生理的高グルコゴン血症が脂肪細胞代謝に及ぼす影響 (Glucagon)

訪問１ スクリーニング：すべての被験者は、エネルギー消費率およびグルコース／脂質酸化の速度を決定するために間接熱量測定を行い、その後４０分間、空腹時熱量測定を得るために他のすべての処置を行う。 次に、被験者は75グラムの経口耐糖能試験を受け、正常な耐糖能の存在を記録します。 血漿グルコース、インスリン、C-ペプチド、グルカゴン、FFA、グリセロール、GLP-1およびGIP濃度。 OGTT 中に採取する血液の総量は 148 ml または大さじ 10 杯程度です。 参加者は、総体脂肪 (DXA) と肝脂肪量 (MRS) も受けます。 被験者は、定期的な身体検査、ECG、体重、身長、バイタル、および以前の病歴の収集も受けます。 研究チームは、血糖値（糖）と血中脂質（脂肪）のレベルもチェックします。 スクリーニング血液検査、HbA1c、脂質、およびその他の血液検査のために採取する血液の総量は、34mlまたは大さじ約2 1/3です。
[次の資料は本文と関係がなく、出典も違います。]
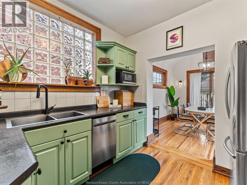 Olde Walkerville, where timeless character meets walkable urban living. Just steps from some of Windsor’s best shops, restaurants, beautiful parks and riverfront trails, this home offers the perfect blend of charm, space, and location. Inside, the main floor welcomes you with a stunning open foyer, an extended living room with a natural fireplace, an updated kitchen and dining area addition with access to the backyard. The second level offers 3 bedrooms and a spacious bathroom featuring a reglazed clawfoot tub with shower, blending old-world style with everyday function. The unfinished third-floor loft offers excellent potential to be renovated into additional living space - great set up for a home office, primary suite or huge play room! Over the past several years, this home has seen extensive updates while preserving its historic appeal, including water and sewer line replacement, gutters, downspouts, soffit, fascia, restored and steel-capped exterior chimney, refinished main floor hardwood, full list of updates available upon request. Complete with a detached garage, this is a rare chance to own a character-filled home in one of Windsor’s most iconic neighbourhoods. (id:64974)

来院２ 脂肪組織代謝測定：被験者（ｎ＝１２）は、研究の前日の午後４時にＣＲＣに入院し、５０％のＣＨＯ：３０％の脂肪：２０％のタンパク質を含む標準化された体重維持食を与えられる。 午後6時に、被験者は継続的なグルカゴンを受け取ります（3 ng / kg.min、 N=6) またはグルカゴン (6 ng/kg.分、 N=6) 12 時間。 被験者は午後 10 時以降も断食を続けます。 グルカゴン、FFA、インスリン、および C-ペプチドのサンプルは、1700、1730、1800、1900、2100、2300、0100、0300、および 0500 時間に収集されます。

翌朝の午前 6 時に、被験者は次のトレーサーのプライム連続注入を 4 時間受けます（図 1 を参照）。
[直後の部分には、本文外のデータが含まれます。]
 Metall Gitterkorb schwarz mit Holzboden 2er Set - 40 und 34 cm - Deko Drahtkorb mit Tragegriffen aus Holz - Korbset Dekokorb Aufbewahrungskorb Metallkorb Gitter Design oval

(i) 14-C-グリセロール (プライム = 30 µCi; 持続注入 = 0.3 µCi/分) による全身の脂肪分解率の測定。

(ii) 3-3H-グルコース (プライム = 40 μCi; 連続注入 = 0.4 μCi/分) による、総体グルコースの出現率および消失率の決定。

(iii) de novo lipogenesis の速度を決定するための D2O (経口で午後 9 時に無脂肪質量 5 g/kg)。
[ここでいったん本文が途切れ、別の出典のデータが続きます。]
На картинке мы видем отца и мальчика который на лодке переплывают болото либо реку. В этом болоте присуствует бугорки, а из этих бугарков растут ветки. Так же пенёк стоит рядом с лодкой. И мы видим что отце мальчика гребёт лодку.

午前 6 時に、ホルモン感受性 (HSL) リパーゼ活性、AMPK 活性、および HSL のセリンリン酸化 (図 2 を参照)、FGF-21、FAP、ベータクロトーの測定のために、皮下腹部脂肪組織の外科的生検が行われます。 インスリンシグナル伝達 (IR/IRS-1 チロシンリン酸化、PI-3 キナーゼ活性、Akt) 分子、GLUT4、炎症マーカー (IkB、NF-kB、T4R4TLR4、JNK、p38 MAPK、M2/M1 マクロファージ、IL-1、IL -6、TNF α、MCP-1) も脂肪生検で測定されます。 脂肪組織生検における脂肪の量と種類を定量化するためのリピドミクス分析も実施されます。 脂肪組織の外科的生検後、トレーサー平衡化（午前 6 時）を開始し、基質（グルコース、FFA、グリセロール、トリグリセリド）、ホルモン（グルカゴン、インスリン、 C-ペプチド、GLP-1、GIP、アディポネクチン、レプチン、FGF21 [活性および総]、FAP [分解酵素])、放射性同位体 (14-C-グリセロールおよび 3-3H グルコース) 比活性。 参加者は、50～60°C (122～140°F) に加熱された透明なプラスチック製の温度調節ボックスに手を入れて、手への良好な血流を確保します。 放射性同位体活性 (バックグラウンド) の Pasma サンプルは、午前 6 時に取得されます。 午前 9 時に連続間接熱量測定を実施し、40 分間のエネルギー消費とグルコース/脂質酸化の速度を測定します。

グルカゴン注入は、4 時間のトレーサー注入 (すなわち、 午前 6 時～午前 10 時）。 グルカゴン注入の最後 (午前 10 時まで) に、肝臓脂肪含有量の繰り返し測定値が取得されます。 合計 366 ml の採血が行われます。

午前 8 時に、トレーサー注入の最後の 2 時間の間にインスリン感受性試験が行われます。 2 時間のインスリン感受性試験では、インスリン (60 mU/m2 · 分) とブドウ糖を、カテーテルを介して対象の腕の静脈に投与し、全身のインスリン感受性の割合を測定します。 両方の注入中に被験者が経験する副作用は予想されません。